Over the years, I have served on many Cursillo and Walk to Emmaus retreat weekends. These three day retreats were always a spiritual gratifying experience of God’s love for me. It never failed that soon after I returned home something would happen that would bring me quickly back to reality. Yet, those experiences helped me grow in my journey with God and I learned that when tempted or discouraged, etc. I could be strong in my faith with the Holy Spirit’s help. I still fail, but as Paul reminds us today that if we call upon the Lord, we will be saved by grace even when we say yes to those temptations that cause us to sin.

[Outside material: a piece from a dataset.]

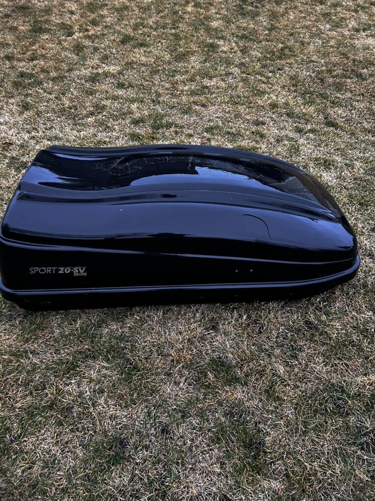 Sears Sport 20-V rooftop cargo box in good condition. Universal fit — works with most vehicles and roof rack crossbars. Great for road trips, skis, camping gear, or extra storage space.
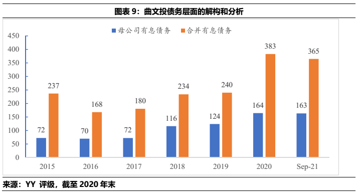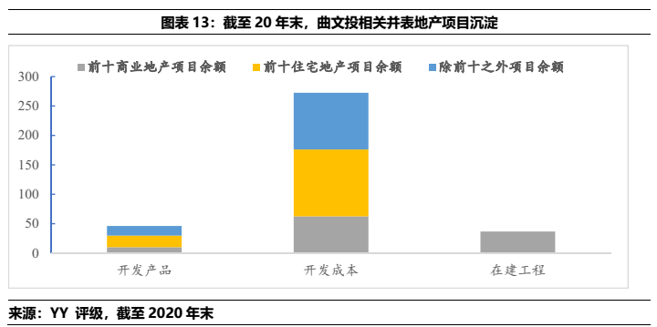 2)曲文投而言,屬于弱城投屬性主體,母公司層面資金沉淀于體系內(nèi)子公司(36.05億)、地產(chǎn)相關(guān)(86.44)、城投相關(guān)(11.98億),文旅(7.23)和其他產(chǎn)業(yè)(10.61億)等;合并報表而言,涉房資產(chǎn)的體量下限值(332.69億)扣除預售后(130億)占合并報表有息債務(382億)的比重在53%左右。

In the gospel we read that the devil came to Jesus as a tempter but nowhere in the bible are we given a description of what the devil looks like. If we were given a description, I’m sure Satan would look a lot like Rembrandt’s famous pen and brush drawing of this text today which he drew in 1650 and of which you can see a copy of on the front of your bulletin. He shows the devil with a tail and bat wings; a very ominous looking creature who offers Jesus three things that look pretty good-bread, wealth, and power. There doesn’t appear to be anything horribly wrong with these things he offers Jesus. It’s certainly the American way, come to think of it.

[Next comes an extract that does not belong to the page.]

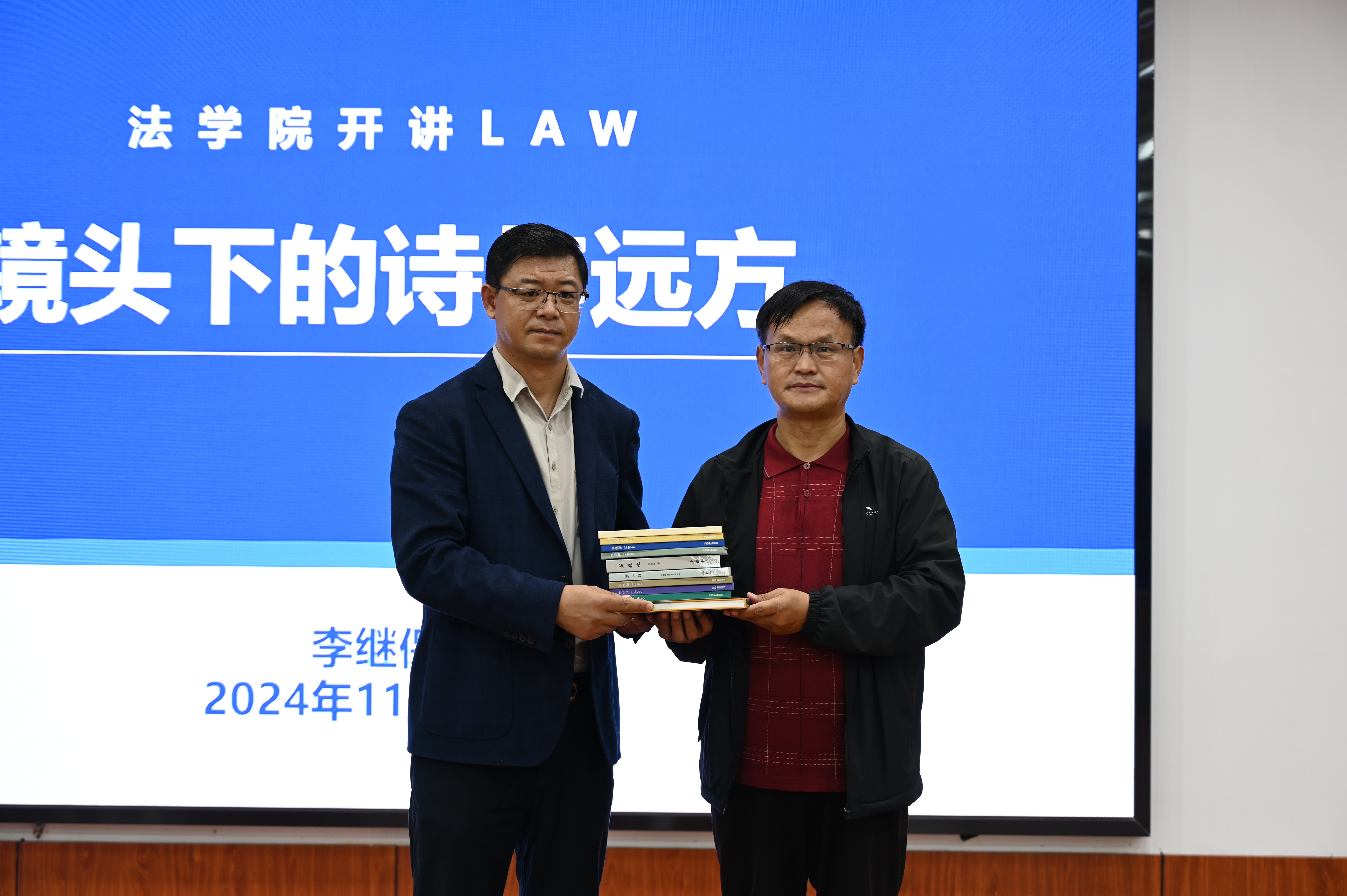 11月16日上午,中国摄影著作权协会会员、新华社签约摄影师李继保做客法学院开讲LAW,与青年学子共同分享摄影的乐趣所在。法学院党委书记曲明参加活动。

Yet, when we get down to nitty gritty these things may not obviously seem evil, rarely is the devil obvious. That would be too easy. We could just avoid everything that looks evil. Rather, these things are a test to see whether they can lure Jesus from a focus on God’s will—or can lure all who believe into following a more comfortable messiah. Remember, Jesus more often than not asks his followers to go against the grain of what the world says is right and good. As we know, Jesus faced the temptation and resists in participating. You may or may not be thinking right now, of course Jesus resisted he is God. We forget sometimes that he was as human as we are which brings us back to how. How does the human Jesus stay strong and renounce the devil?
First, he encounters the devil in the strength of the 40 day fasting. He is spiritually strong as he encounters evil as a result of spiritual disciplines like fasting, prayer, and the study of scripture. When Jesus answers the devil’s enticing temptations, he doesn’t ask God to rescue him in some impressive way. He quotes scripture. This is the second way he renounces the devil. Jesus is so bathed in Holy Scripture that he is able to bring the story that is centuries old forward into his own life for strength, and his words send the devil packing. The Holy Spirit, spiritual disciplines and an immersion in scripture made Jesus strong enough to resist and continue to resist even to the cross and these will make us strong enough in this wilderness we wander in today.
The scriptures for today all differ in the way they challenge us for this Lenten season. From the summary of the story in Deuteronomy of God’s promise of fulfillment for Israel after forty years of desert wandering that reminds us that the work we do and the things we produce are given to us by the same God who gives us the strength to accomplish it, to the creed in Romans that Paul says is enough for our salvation, to the picture of Jesus leaning on prayer, fasting, and scripture to strengthen himself against the temptations of the devil, all to remind us that our lives depend on God alone. This makes a great beginning to Lent. May it be a season of growing into the love and strength of our Lord as we make this 40 day journey with Jesus toward the cross and the resurrection.